Insightful info about how things are run for such event hosting. I’ve worked with a event company before for my previous employer (a DnD event). Probably this acquaintance of yours might think it’s small too. ;p Anyways, they might be ’small’ but thoroughly enjoyed working them. They’re upfront with what can be done and what’s not based on our budget.
Good read, this article.
Hi Jonathan,
I have not really gone into specific details since everyone has different working style. Glad to read that you have had good experience with “small” companies.
Previously, a property mgmt friend turned to me because a certain enterprise was charging her way too much for a resident night. No new ideas, because it wasn’t necessary. I got it all running at almost half the price she was quoted by the enterprise.
You looked like you could kill me with one arm… so if you are small then the Ed I saw the last few times must be a hologram.

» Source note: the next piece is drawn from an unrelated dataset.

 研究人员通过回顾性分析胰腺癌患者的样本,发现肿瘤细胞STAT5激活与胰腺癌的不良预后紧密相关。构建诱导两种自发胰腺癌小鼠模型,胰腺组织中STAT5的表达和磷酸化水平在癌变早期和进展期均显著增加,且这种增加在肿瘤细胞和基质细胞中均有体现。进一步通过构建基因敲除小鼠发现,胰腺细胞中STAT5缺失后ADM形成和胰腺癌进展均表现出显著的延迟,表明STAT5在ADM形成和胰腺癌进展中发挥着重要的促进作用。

* Looks around Ed for a hologram projector *
It’s your imagination.
Hiya Ed
I’m kinda reminded of the truism “you catch more flies with honey than with vinegar”.
I think, sadly, that we live in an overheated society… in the business environment and in the larger community environment too. Many people “cope” with that by losing their manners. I have my parents (who live overseas) staying with me at the moment and they are astounded by the kiasuism they are coming across on the trains, in eating places and on the streets every day. I don’t have the heart to tell them that on a daily basis I see that same behaviour being played out by clients and potential clients in my work.

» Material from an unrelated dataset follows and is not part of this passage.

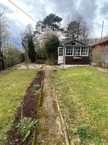 Dieses wunderbare Kleingartengrundstück befindet sich am Rande der Kleingartenanlage und grenzt direkt an die weitläufigen Parkanlagen des "Wasserschlosses" der Gemeinde Wien,

People forget that their bad manners have an impact on the other person, but this thoughtful post is a great reminder. This lady’s ignorant behaviour has been annoying you for a month… when actually, as the Americans would say, “it’s her bad trip”.
I believe that the world is a reflection of yourself. If you are a considerate person with a good heart then you may hit the occasional blip, but overall you’ll be treated well. If you’re ignorant and rude, then you’ll be caught up in a cycle of ignorance and rudeness.
So although I don’t want to wish harm on anyone… if it’s any consolation to you… she probably faces the same level of rudeness from people as she has inflicted on you.
=) Marc
Marc, that’s very enlightening stuffs you have said there. I particularly like this… If you’re ignorant and rude, then you’ll be caught up in a cycle of ignorance and rudeness.
I would like to add on as well, their bad manners will impact their own career and reputation too. When information are shared with others on experiences with a certain individual or company, It’s almost a case of being bitten back by one’s very own actions.
Hope everything’s going on well with you. Chill out, and don’t forget the coffee.